▸ **What you will do**
Would you write out every record that follows exactly, with the pictures left out?

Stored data
============================================================

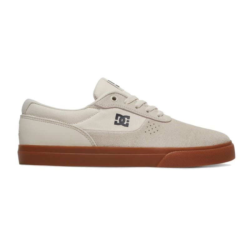 Las zapatillas para hombre Switch beige tienen la etiqueta de garantía de DC Shoes en la lengüeta.
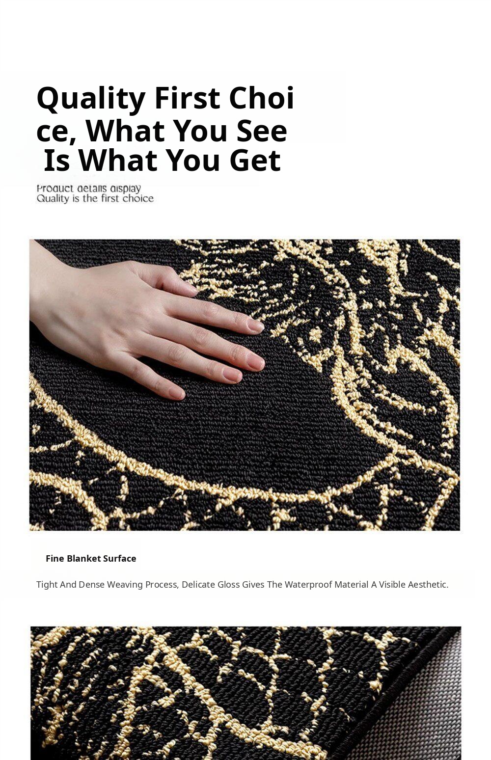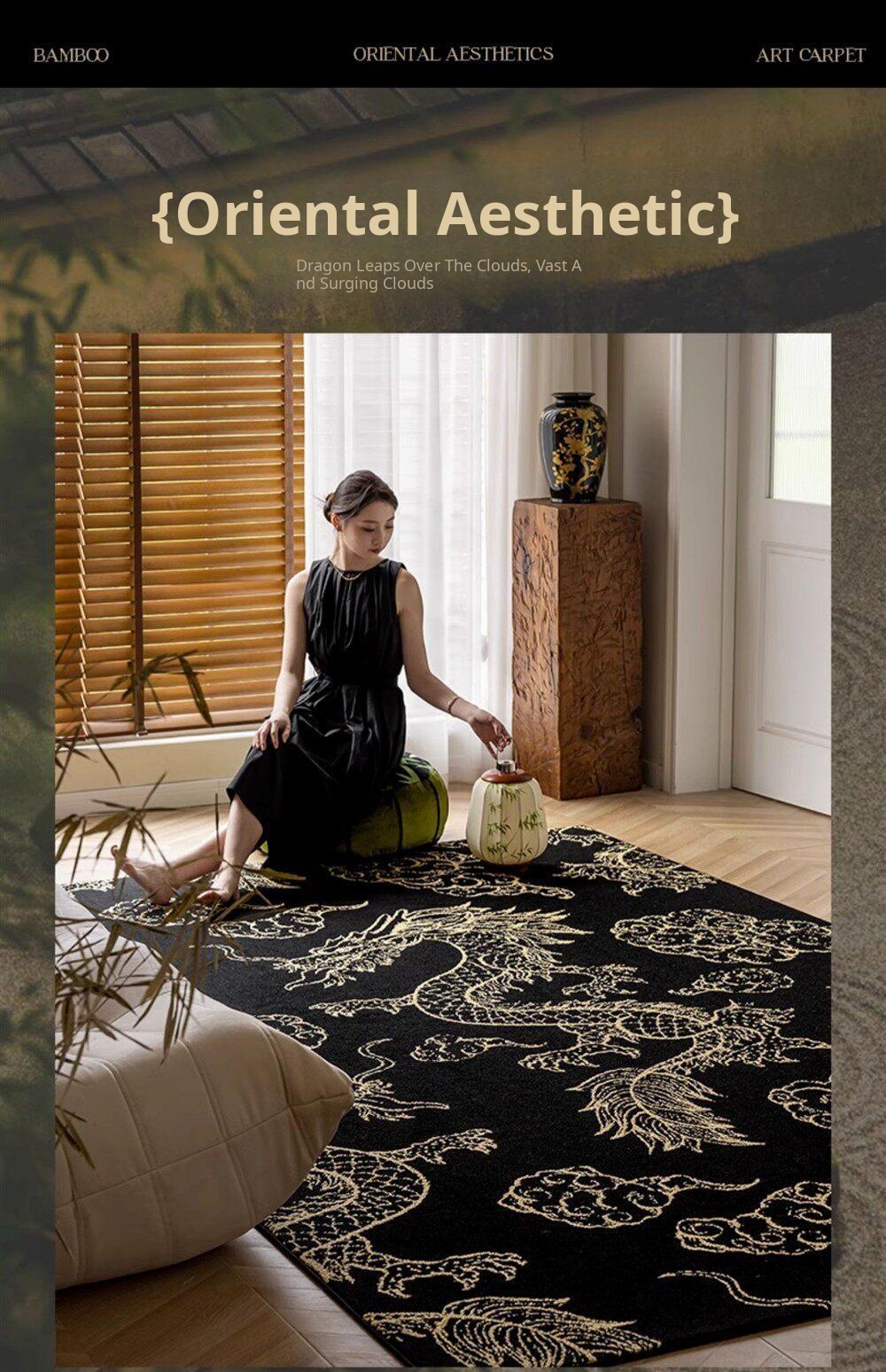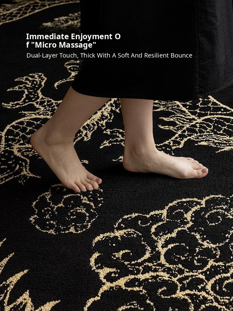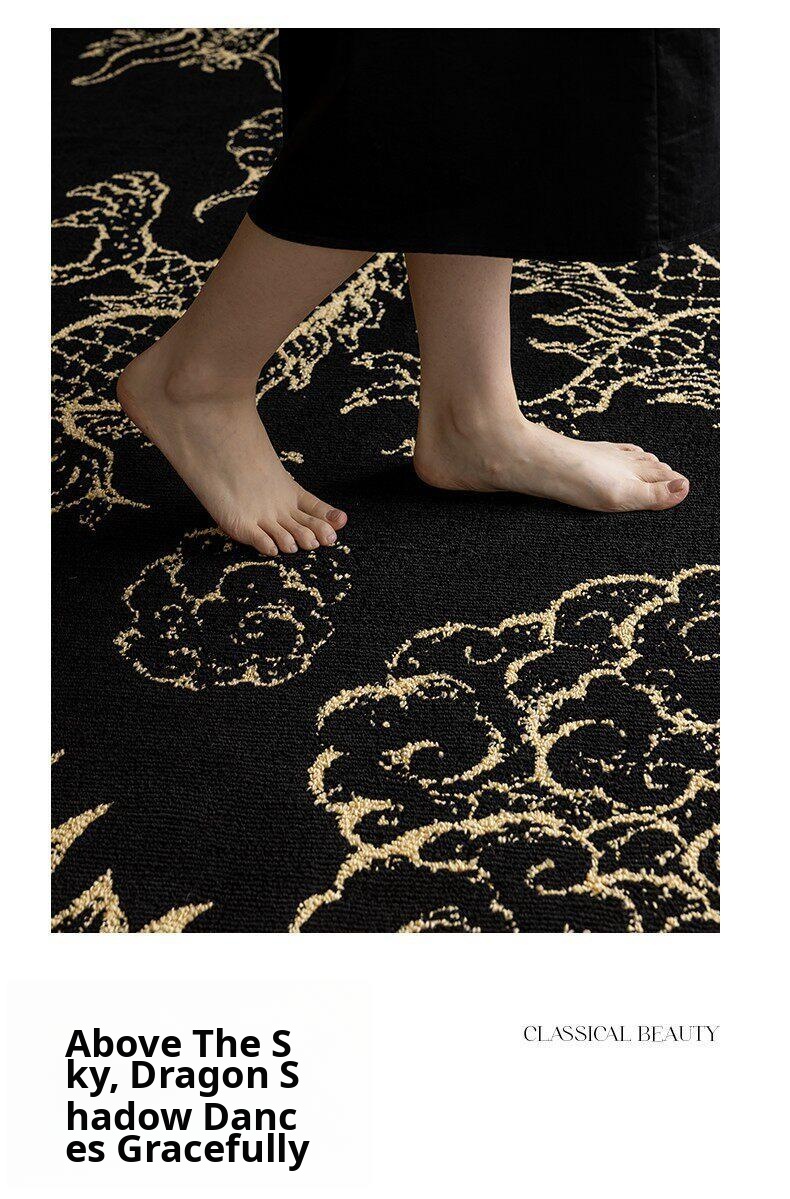 Elegant Chinese-Style Black and Gold Area Rug for Living Room - Luxurious Waterproof and Stain-Resistant Blanket for Bedroom, Study, and Sofa - No Maintenance Needed!
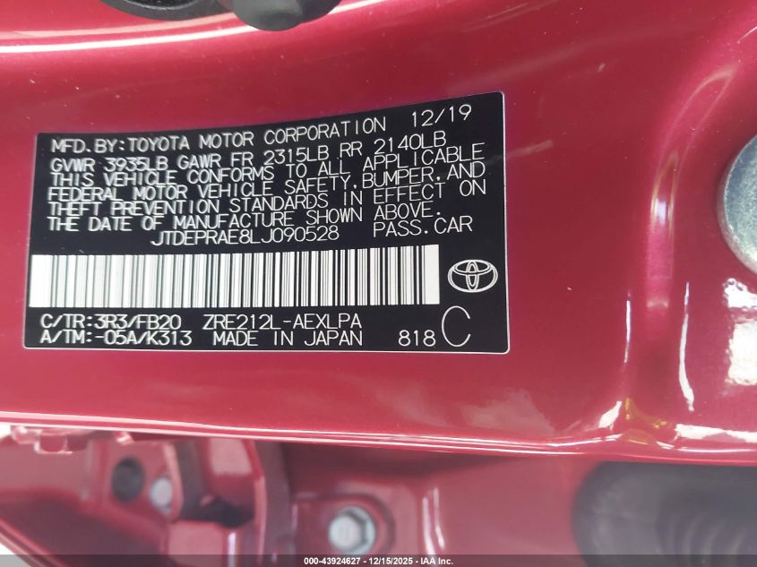 2020 TOYOTA COROLLA - JTDEPRAE8LJ090528, колір - Червоний, 1.8, Бензин, Передній привід із США
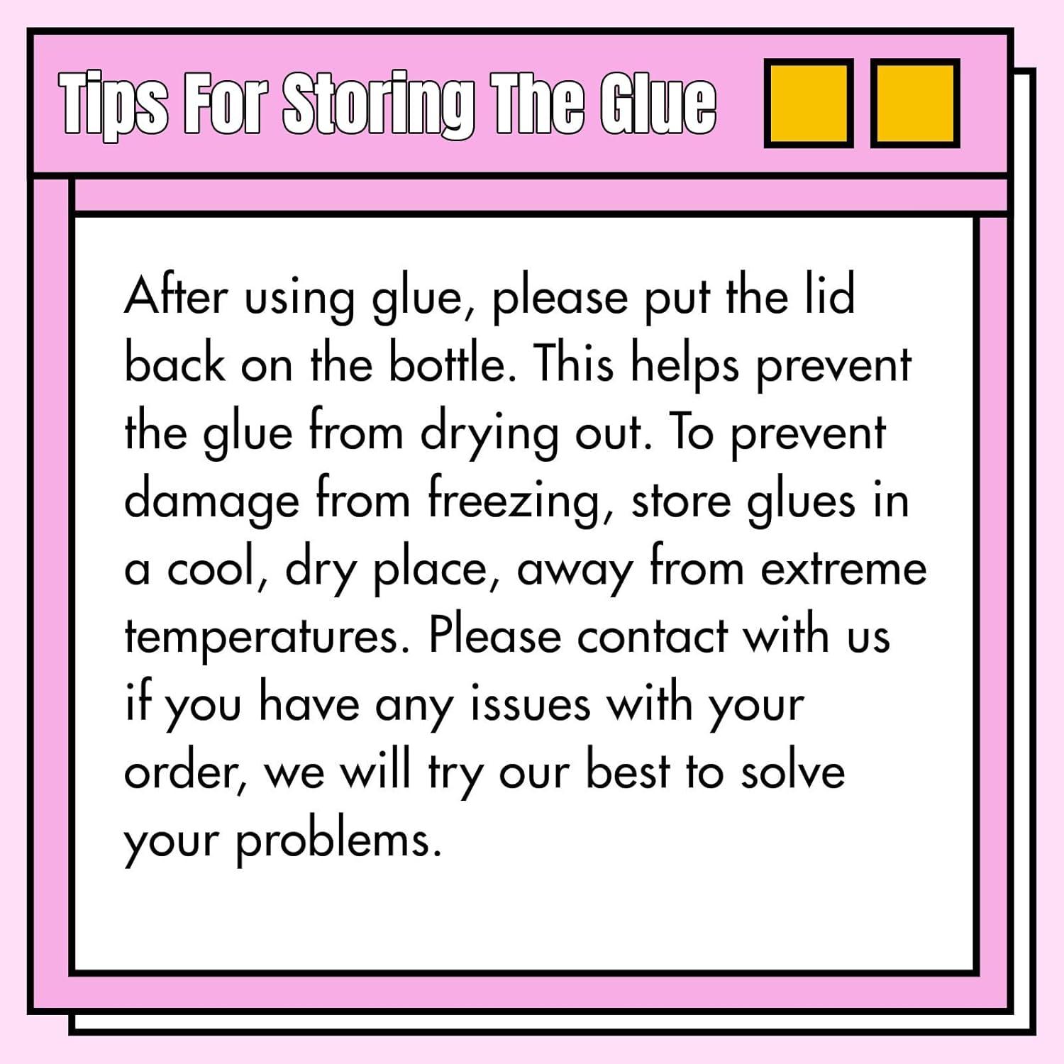 Storage Tips: After use, ensure the lid is securely closed to prevent the glue from drying out or becoming contaminated. To maintain the quality of the glue, store it in a cool, dry place away from extreme temperatures.
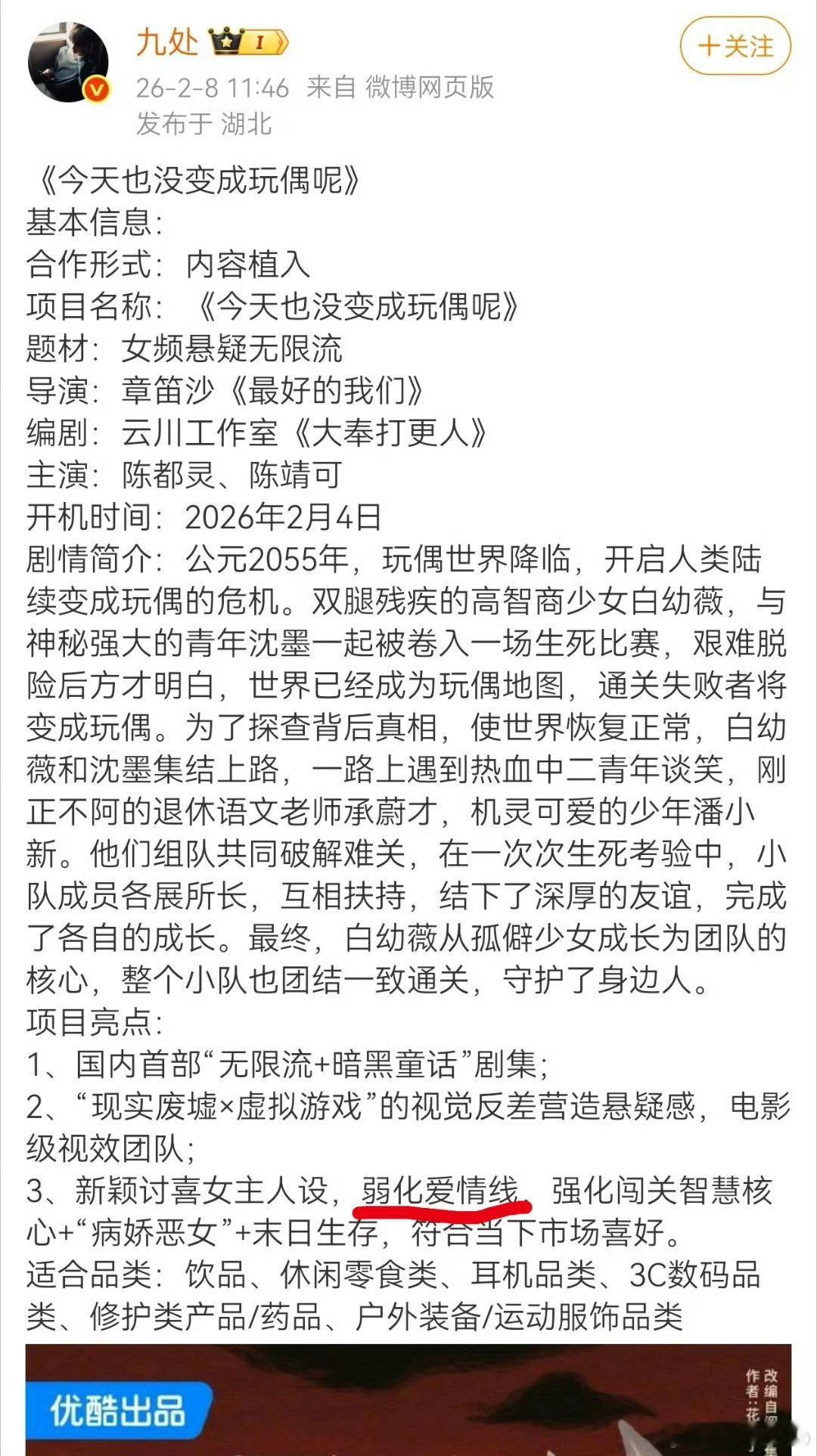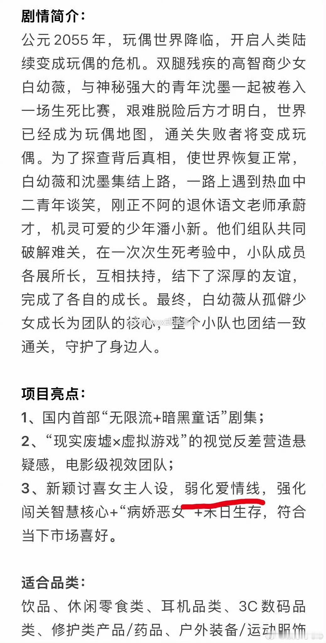 陈都灵《今天也没变成玩偶呢》开拍才四天就开始招商了,主打“国内首部无限流➕暗黑童

============================================================

▸ **Task answer**
 Las zapatillas para hombre Switch beige tienen la etiqueta de garantía de DC Shoes en la lengüeta.
 Elegant Chinese-Style Black and Gold Area Rug for Living Room - Luxurious Waterproof and Stain-Resistant Blanket for Bedroom, Study, and Sofa - No Maintenance Needed!
 2020 TOYOTA COROLLA - JTDEPRAE8LJ090528, колір - Червоний, 1.8, Бензин, Передній привід із США
 Storage Tips: After use, ensure the lid is securely closed to prevent the glue from drying out or becoming contaminated. To maintain the quality of the glue, store it in a cool, dry place away from extreme temperatures.
 陈都灵《今天也没变成玩偶呢》开拍才四天就开始招商了,主打“国内首部无限流➕暗黑童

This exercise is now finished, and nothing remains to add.